Work item
An exact transcription is needed of the lines below from the one with "We all know" through the one with "2-Ataque directo. Los", with no other lines and no pictures.

Data shown
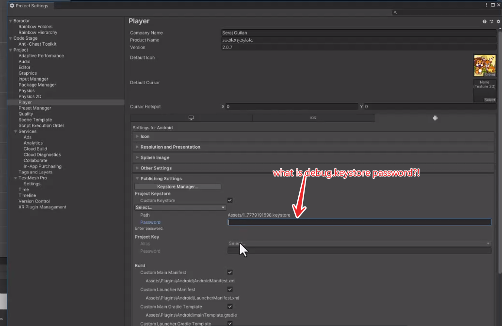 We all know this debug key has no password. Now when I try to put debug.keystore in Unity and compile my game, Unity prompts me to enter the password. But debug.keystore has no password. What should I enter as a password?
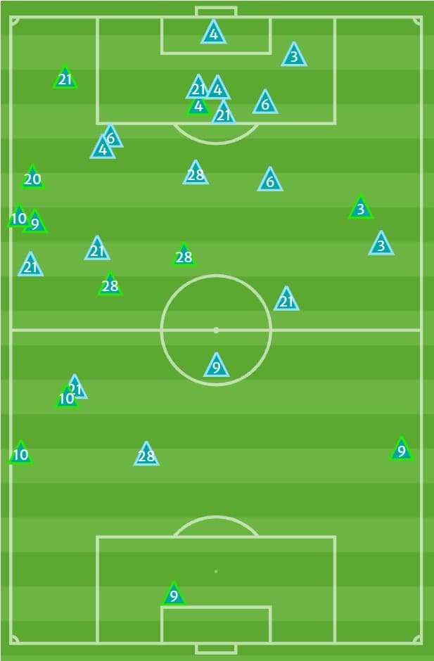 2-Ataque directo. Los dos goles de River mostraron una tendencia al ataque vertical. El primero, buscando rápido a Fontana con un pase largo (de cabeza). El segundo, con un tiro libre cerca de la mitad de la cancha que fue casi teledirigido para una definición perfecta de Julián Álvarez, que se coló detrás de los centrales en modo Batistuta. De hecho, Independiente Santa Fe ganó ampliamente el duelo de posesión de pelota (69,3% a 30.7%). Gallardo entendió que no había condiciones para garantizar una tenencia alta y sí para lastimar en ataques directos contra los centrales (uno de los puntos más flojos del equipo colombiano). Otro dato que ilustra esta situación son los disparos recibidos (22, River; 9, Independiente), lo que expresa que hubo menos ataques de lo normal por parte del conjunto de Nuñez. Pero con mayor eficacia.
---
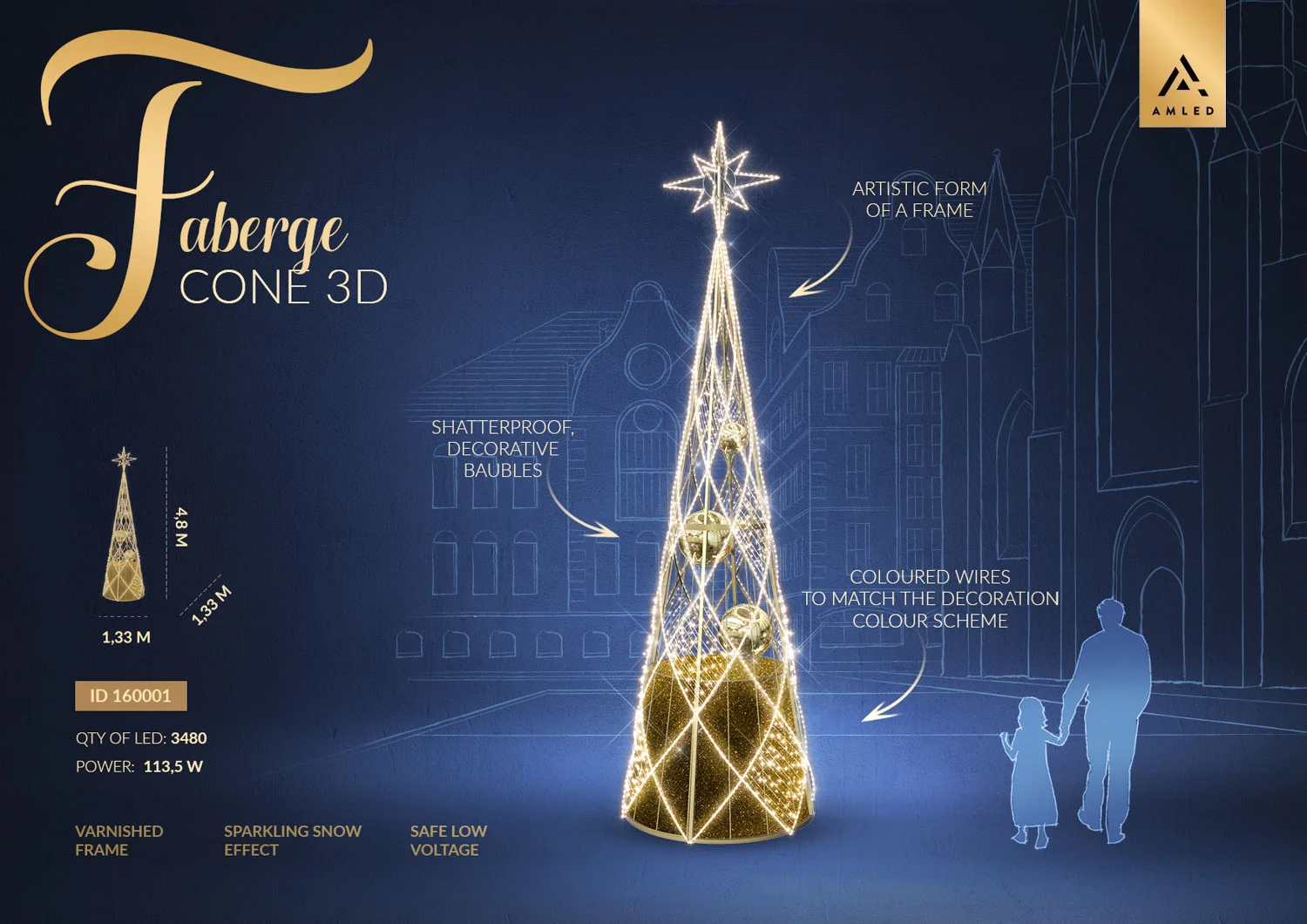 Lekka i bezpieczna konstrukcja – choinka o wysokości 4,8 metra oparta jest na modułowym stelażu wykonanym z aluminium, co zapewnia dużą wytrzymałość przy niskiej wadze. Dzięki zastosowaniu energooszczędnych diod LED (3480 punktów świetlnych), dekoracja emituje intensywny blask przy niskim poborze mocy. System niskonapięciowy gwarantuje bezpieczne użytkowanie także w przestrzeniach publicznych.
==
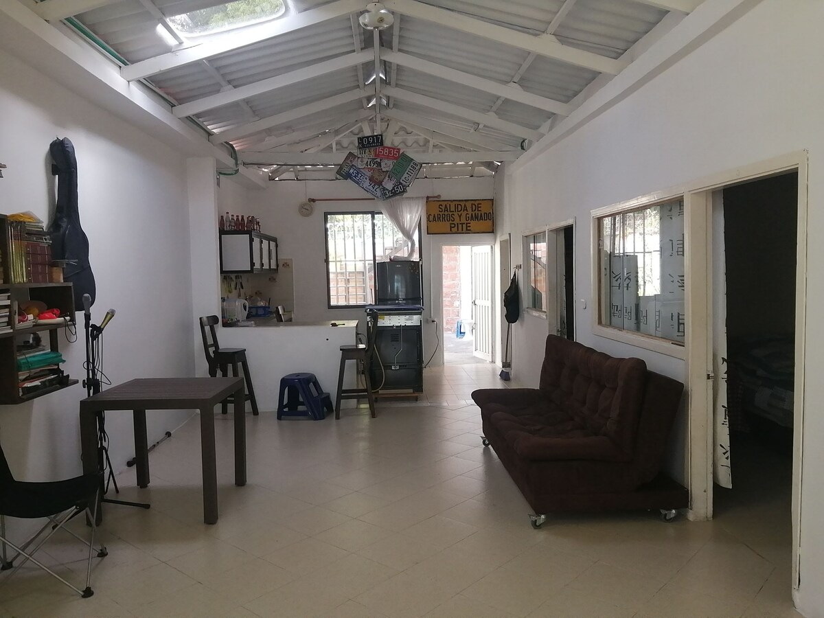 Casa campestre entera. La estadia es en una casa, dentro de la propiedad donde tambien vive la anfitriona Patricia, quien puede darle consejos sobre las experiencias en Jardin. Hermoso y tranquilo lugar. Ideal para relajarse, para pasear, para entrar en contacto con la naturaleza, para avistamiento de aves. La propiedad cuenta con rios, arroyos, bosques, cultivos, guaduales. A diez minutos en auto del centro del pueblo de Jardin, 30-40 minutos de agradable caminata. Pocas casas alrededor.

Response to the exercise
 We all know this debug key has no password. Now when I try to put debug.keystore in Unity and compile my game, Unity prompts me to enter the password. But debug.keystore has no password. What should I enter as a password?
 2-Ataque directo. Los dos goles de River mostraron una tendencia al ataque vertical. El primero, buscando rápido a Fontana con un pase largo (de cabeza). El segundo, con un tiro libre cerca de la mitad de la cancha que fue casi teledirigido para una definición perfecta de Julián Álvarez, que se coló detrás de los centrales en modo Batistuta. De hecho, Independiente Santa Fe ganó ampliamente el duelo de posesión de pelota (69,3% a 30.7%). Gallardo entendió que no había condiciones para garantizar una tenencia alta y sí para lastimar en ataques directos contra los centrales (uno de los puntos más flojos del equipo colombiano). Otro dato que ilustra esta situación son los disparos recibidos (22, River; 9, Independiente), lo que expresa que hubo menos ataques de lo normal por parte del conjunto de Nuñez. Pero con mayor eficacia.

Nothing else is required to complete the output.